DefinitionThis section has been translated automatically.

Evans syndrome is an autoimmune disorder associated with two or more cytopenias, which usually include autoimmune hemolytic anemia (AIHA) and immune thrombocytopenia (ITP), with or without immune neutropenia (about 15% of cases).

AIHA, which occurs in Evans syndrome, is a heat IHA in which IgG antibodies react with red blood cell (RBC) surface antigens at body temperature, in contrast to cold AIHA. In ITP, the immune system targets GPIIb/IIIa on platelets.

ClassificationThis section has been translated automatically.

It has been suggested that the disease is:

  • primary (idiopathic)
  • or
  • secondary

sympotmatic, associated with an underlying disease.
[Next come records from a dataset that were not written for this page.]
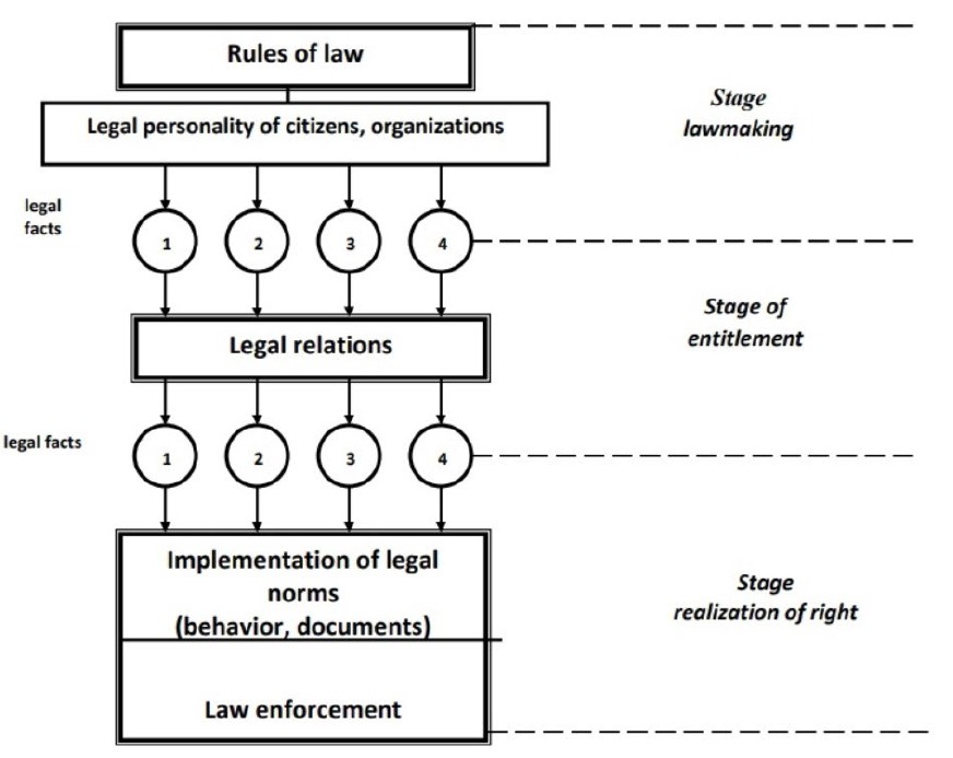 3) реализация норм права, т.е. фактическое упорядочение общественных отношений в виде поведенческих и/или документальных актов;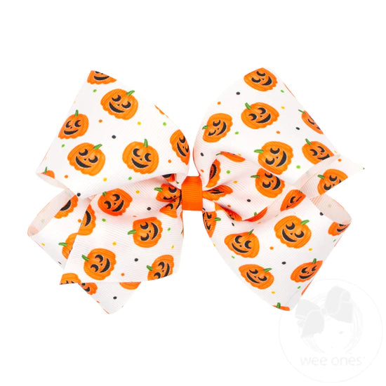 Enhance any spooky ensemble this Halloween with this festive printed grosgrain hair bow. Featuring carefully crafted Halloween designs adding a unique, stylish touch. This bow is sure to stay in her hair all day with our patented WeeStay™ no-slip hair clip.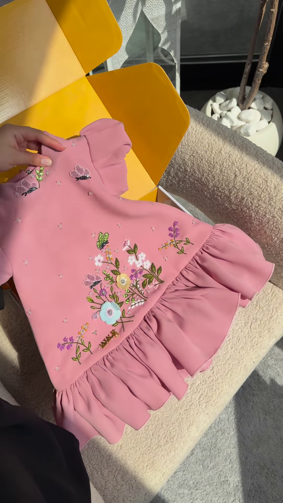 This image showcases a charming white dress, elegantly displayed as it’s being lifted from a bright yellow box. The dress, made from a smooth, flowing fabric, features a prominent bow detail at the shoulder, adding a touch of sophistication and grace. The design is simple yet refined, making it versatile for various occasions. The dress is held by a person with manicured hands, which adds a sense of care and highlights the garment’s delicate nature.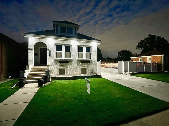 Discover the epitome of luxury living in this absolutely rare, completely remodeled Chicago Bungalow, boasting unparalleled features that make it a true gem. Situated on the only driveway and second lot on the block, with a backyard oasis that dreams are made of, this home is truly one-of-a-kind. Step inside to find a meticulously crafted space, thoughtfully designed and cared for by a contractor family. With 7 bedrooms and 2 full bathrooms, there's ample room for the whole family to live and thrive. The heart of the home is the stunning luxury kitchen, featuring high-end stainless steel appliances, granite countertops and backsplash, a farmhouse kitchen sink, 42' white cabinets, an island, pot hanger, and tiled flooring, creating a space that's as functional as it is beautiful. The large family room area, adorned with alluring hardwood floors and custom windows, invites in an abundance of natural light and provides picturesque views of the backyard oasis, complete with a pool and electrical panel hook up for a hot tub. On the main floor, you'll find three spacious bedrooms, each featuring hardwood floors and showcasing the meticulous attention to detail that defines this home. The beautifully updated bathroom adds a touch of luxury to everyday living. The entire home has been updated with new plumbing, electrical, windows, and a 75-gallon water heater, ensuring modern comfort and convenience, new zoned HVAC system. The basement, with updated tile flooring throughout, offers additional living space, including two bedrooms with walk-in closets and plumbing lines, perfect for a possible bar setup. Upstairs, two generous-sized bedrooms with hardwood floors await, with rough-ins for a possible powder bathroom, adding versatility to the home's layout. Outside, the backyard is a dream come true, featuring a heated pool, a white privacy fence with private gate entry from your own driveway, new concrete, and a brand new 4-car garage with upstairs attic access, perfect for entertaining and hosting family gatherings, and separate huge dog run area. The home boasts a new roof, drain tile system, waterproofed exterior foundation walls, and a new sewer line with back-flow prevention, ensuring peace of mind for years to come. Conveniently located near shopping, restaurants, expressways, and more, this home offers the perfect blend of luxury, comfort, and convenience. Don't miss your chance to own this once-in-a-lifetime property. Schedule a viewing today and prepare to be amazed!

Secondary Evans syndrome has been associated with diseases such as systemic lupus erythematosus (SLE), immunodeficiency syndromes (CVID), and autoimmune lymphoproliferative syndrome (ALPS) in non-Hodgkin's lymphoma (NHL) in patients over 50 years of age, chronic lymphocytic leukemia (CLL), viral infections (such as HIV, hepatitis C), and after allogeneic hematopoietic cell transplantation.

It is important to identify Evans syndrome as a secondary syndrome when it is associated with another disease, as cytopenias are more severe in Evans syndrome than in AIHA or ITP. Treatment options also differ depending on the classification.

EtiopathogenesisThis section has been translated automatically.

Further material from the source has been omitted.